Data to process
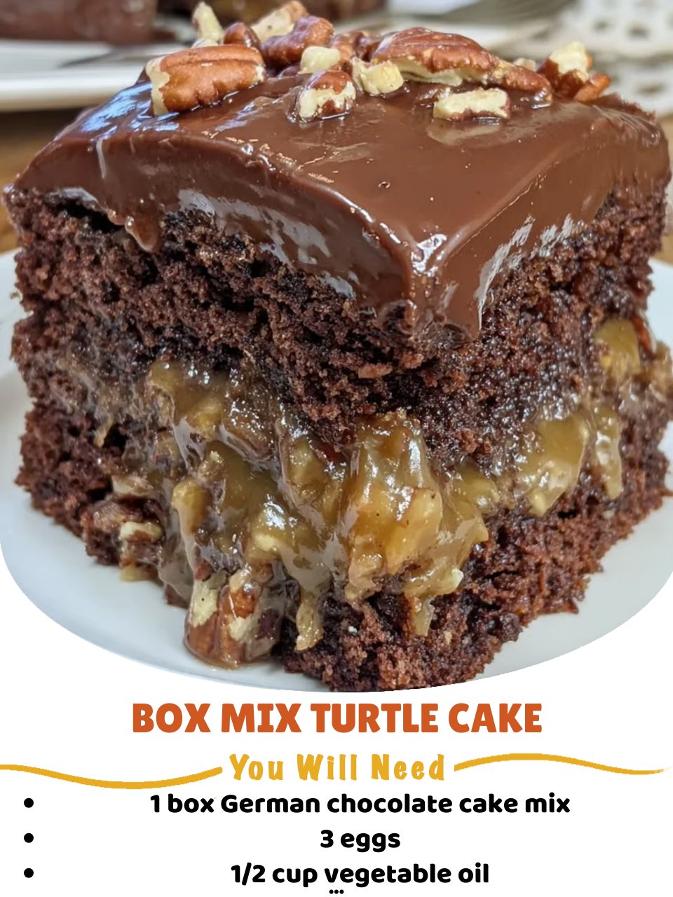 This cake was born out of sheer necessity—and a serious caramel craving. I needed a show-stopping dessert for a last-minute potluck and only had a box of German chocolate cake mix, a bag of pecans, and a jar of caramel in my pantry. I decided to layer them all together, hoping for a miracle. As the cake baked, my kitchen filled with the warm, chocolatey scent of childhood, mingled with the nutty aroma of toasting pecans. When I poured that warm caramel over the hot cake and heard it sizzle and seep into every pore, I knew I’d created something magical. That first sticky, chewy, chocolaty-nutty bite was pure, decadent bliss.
==
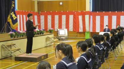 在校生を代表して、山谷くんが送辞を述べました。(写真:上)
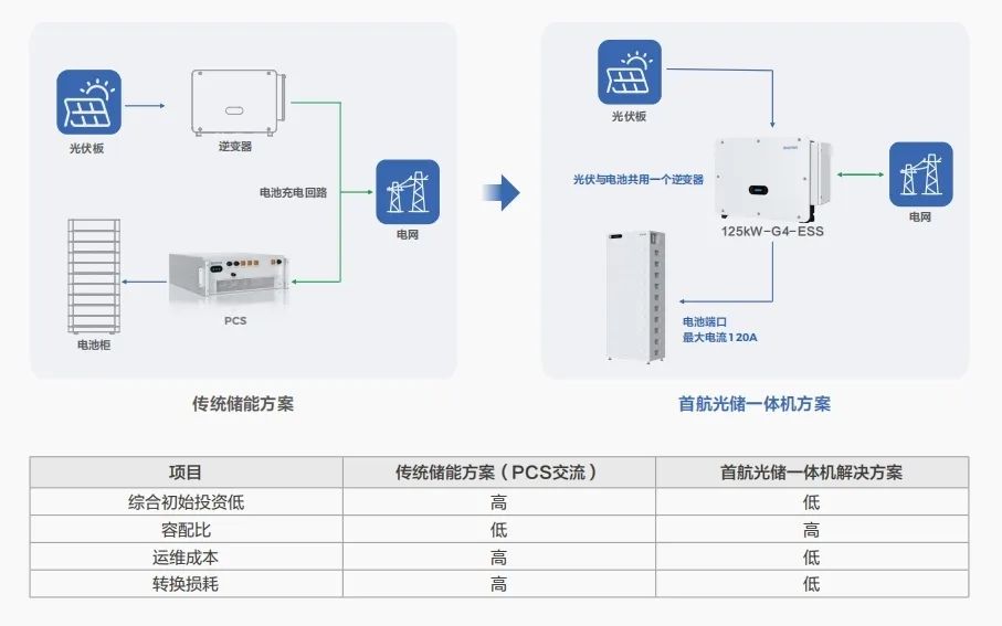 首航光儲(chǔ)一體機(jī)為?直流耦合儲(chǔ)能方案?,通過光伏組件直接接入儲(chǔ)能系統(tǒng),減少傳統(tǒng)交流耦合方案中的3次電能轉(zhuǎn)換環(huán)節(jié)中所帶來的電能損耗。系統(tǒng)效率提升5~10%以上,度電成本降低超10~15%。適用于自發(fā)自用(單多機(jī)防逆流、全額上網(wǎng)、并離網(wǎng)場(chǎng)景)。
...
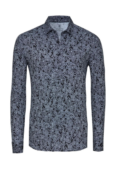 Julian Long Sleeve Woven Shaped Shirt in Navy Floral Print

Work to complete
Here the job is to copy the listing above word for word, starting at the line with "在校生を代表して、山谷くんが送辞を述べました。(写真:上)" and ending at the line with "首航光儲(chǔ)一體機(j", and to leave out the pictures.

Written solution
 在校生を代表して、山谷くんが送辞を述べました。(写真:上)
 首航光儲(chǔ)一體機(jī)為?直流耦合儲(chǔ)能方案?,通過光伏組件直接接入儲(chǔ)能系統(tǒng),減少傳統(tǒng)交流耦合方案中的3次電能轉(zhuǎn)換環(huán)節(jié)中所帶來的電能損耗。系統(tǒng)效率提升5~10%以上,度電成本降低超10~15%。適用于自發(fā)自用(單多機(jī)防逆流、全額上網(wǎng)、并離網(wǎng)場(chǎng)景)。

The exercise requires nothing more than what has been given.